Data section
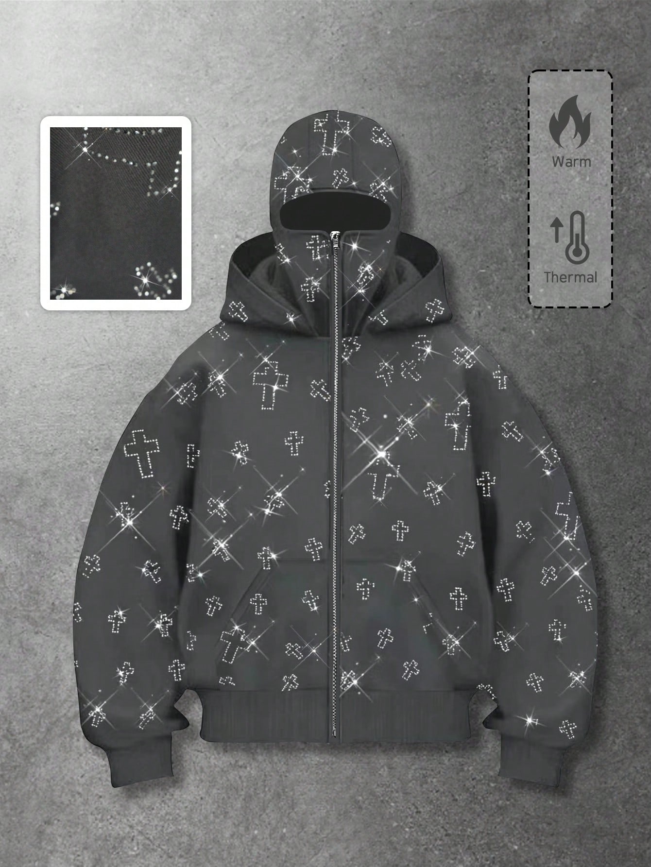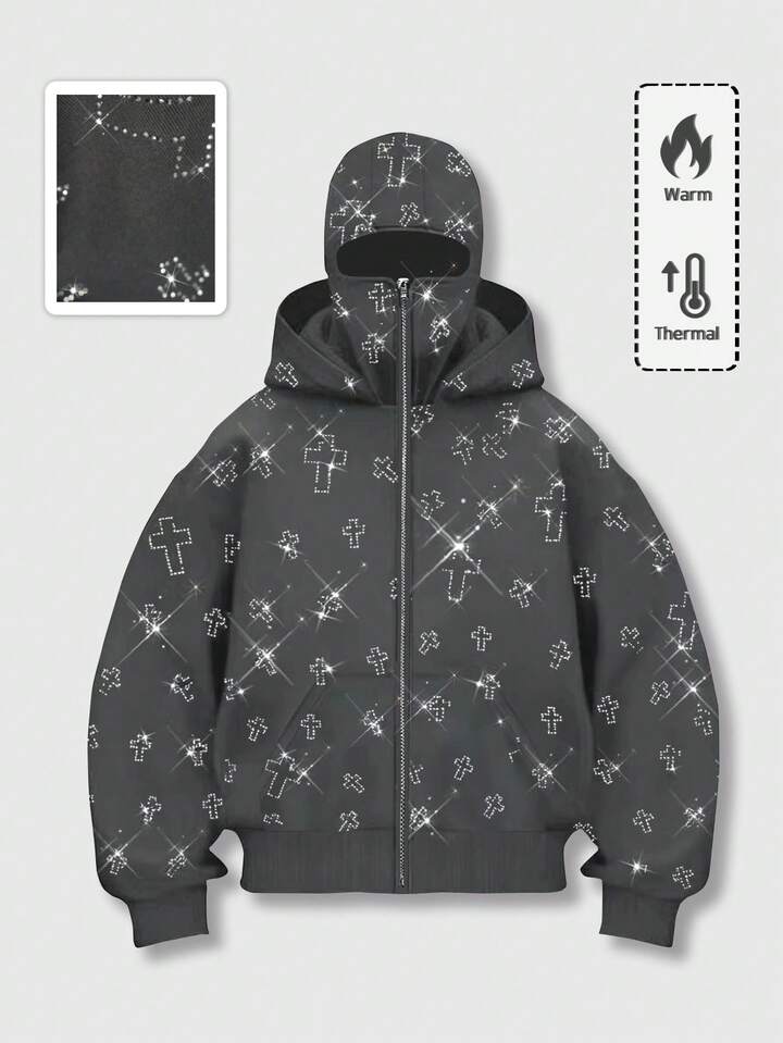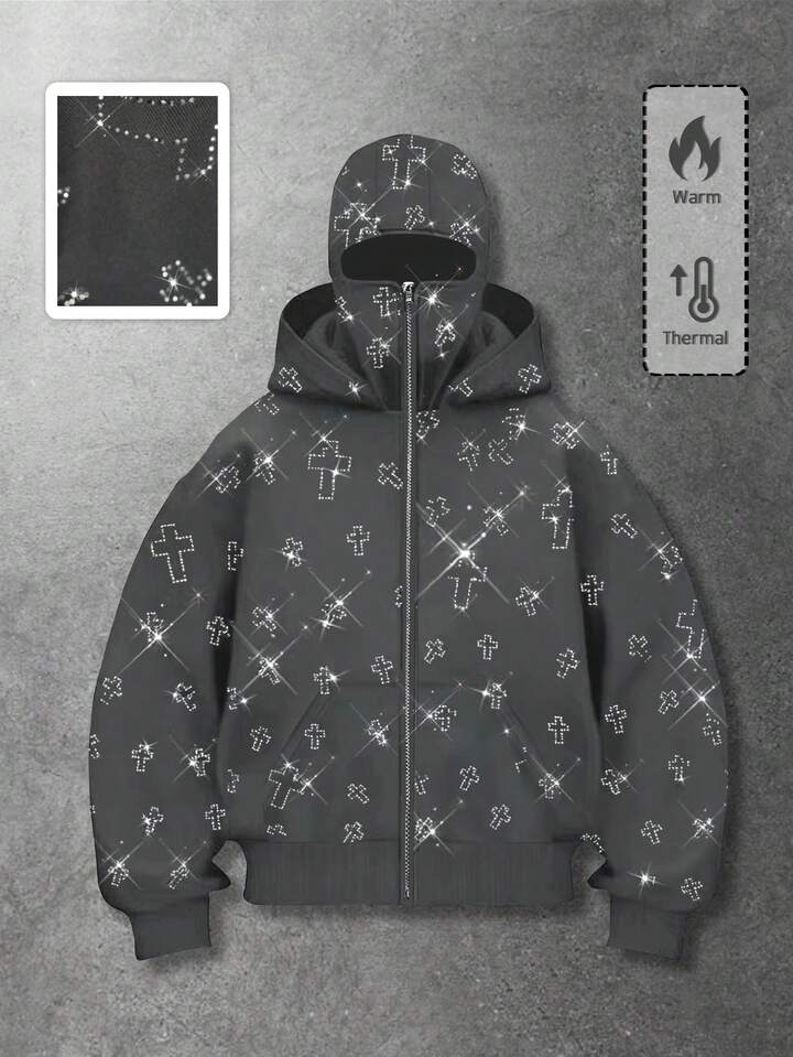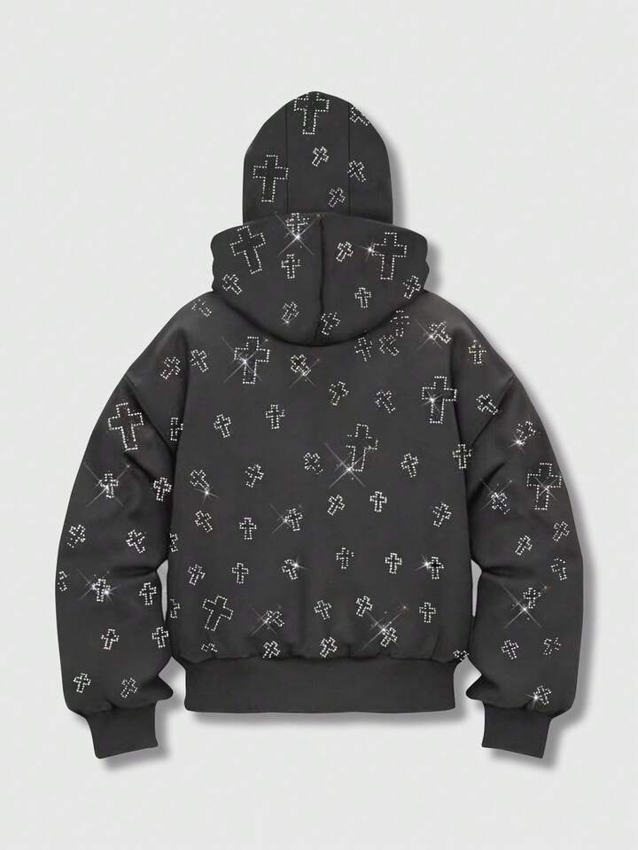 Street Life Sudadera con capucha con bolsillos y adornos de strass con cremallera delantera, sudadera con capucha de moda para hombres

==

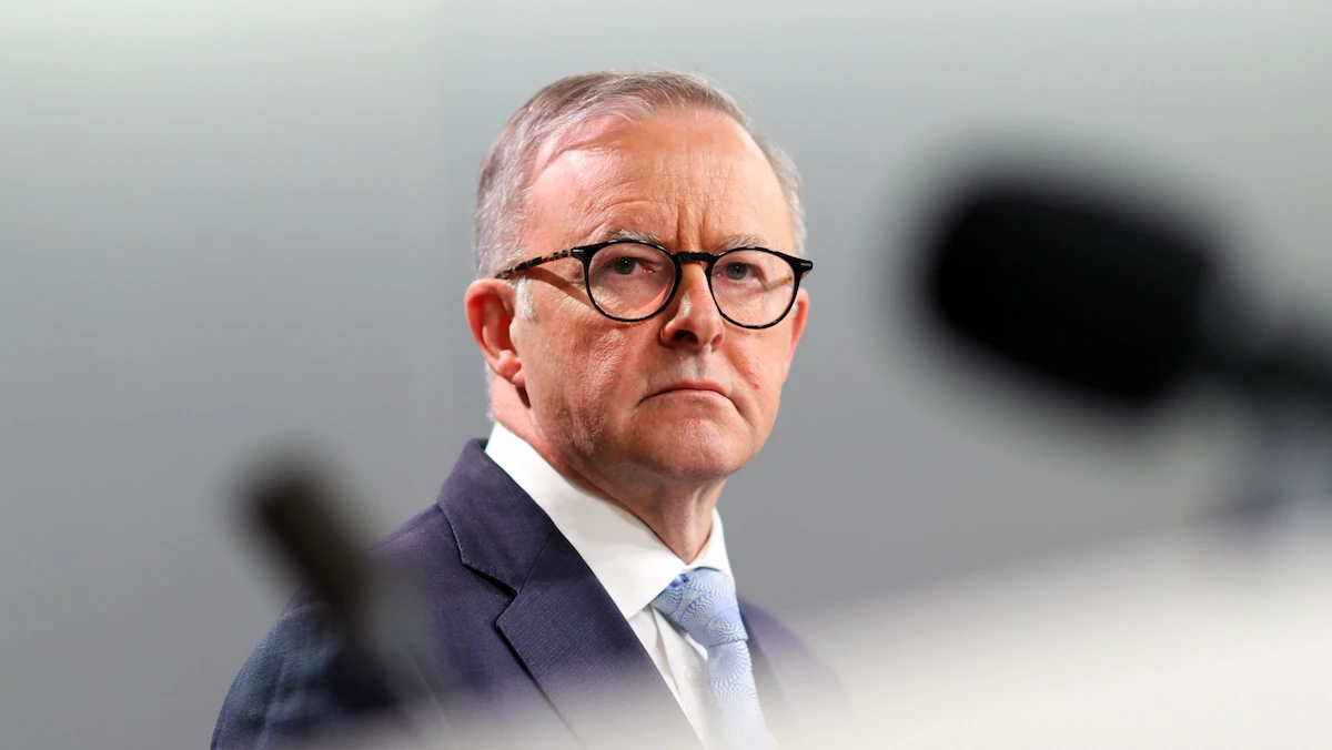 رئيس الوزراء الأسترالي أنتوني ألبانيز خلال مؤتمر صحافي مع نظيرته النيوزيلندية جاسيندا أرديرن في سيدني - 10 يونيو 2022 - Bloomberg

--

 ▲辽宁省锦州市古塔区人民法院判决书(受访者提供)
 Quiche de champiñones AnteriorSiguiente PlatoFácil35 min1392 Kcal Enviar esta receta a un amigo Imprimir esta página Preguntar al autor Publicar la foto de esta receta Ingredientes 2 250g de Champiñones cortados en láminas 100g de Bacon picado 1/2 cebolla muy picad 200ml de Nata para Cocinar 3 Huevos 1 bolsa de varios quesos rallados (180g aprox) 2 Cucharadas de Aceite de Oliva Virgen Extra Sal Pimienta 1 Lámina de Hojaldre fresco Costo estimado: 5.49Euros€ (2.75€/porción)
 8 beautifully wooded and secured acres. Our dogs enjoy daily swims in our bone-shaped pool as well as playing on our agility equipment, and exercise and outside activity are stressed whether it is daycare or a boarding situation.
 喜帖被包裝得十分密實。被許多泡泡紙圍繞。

What is needed
Would you print, exactly as written, every line above from the one holding "Quiche de champiñones" through the one holding "喜帖被包裝得十分密實。被許多泡泡紙圍繞。", with both included and no other lines?

Response to the task
 Quiche de champiñones AnteriorSiguiente PlatoFácil35 min1392 Kcal Enviar esta receta a un amigo Imprimir esta página Preguntar al autor Publicar la foto de esta receta Ingredientes 2 250g de Champiñones cortados en láminas 100g de Bacon picado 1/2 cebolla muy picad 200ml de Nata para Cocinar 3 Huevos 1 bolsa de varios quesos rallados (180g aprox) 2 Cucharadas de Aceite de Oliva Virgen Extra Sal Pimienta 1 Lámina de Hojaldre fresco Costo estimado: 5.49Euros€ (2.75€/porción)
 8 beautifully wooded and secured acres. Our dogs enjoy daily swims in our bone-shaped pool as well as playing on our agility equipment, and exercise and outside activity are stressed whether it is daycare or a boarding situation.
 喜帖被包裝得十分密實。被許多泡泡紙圍繞。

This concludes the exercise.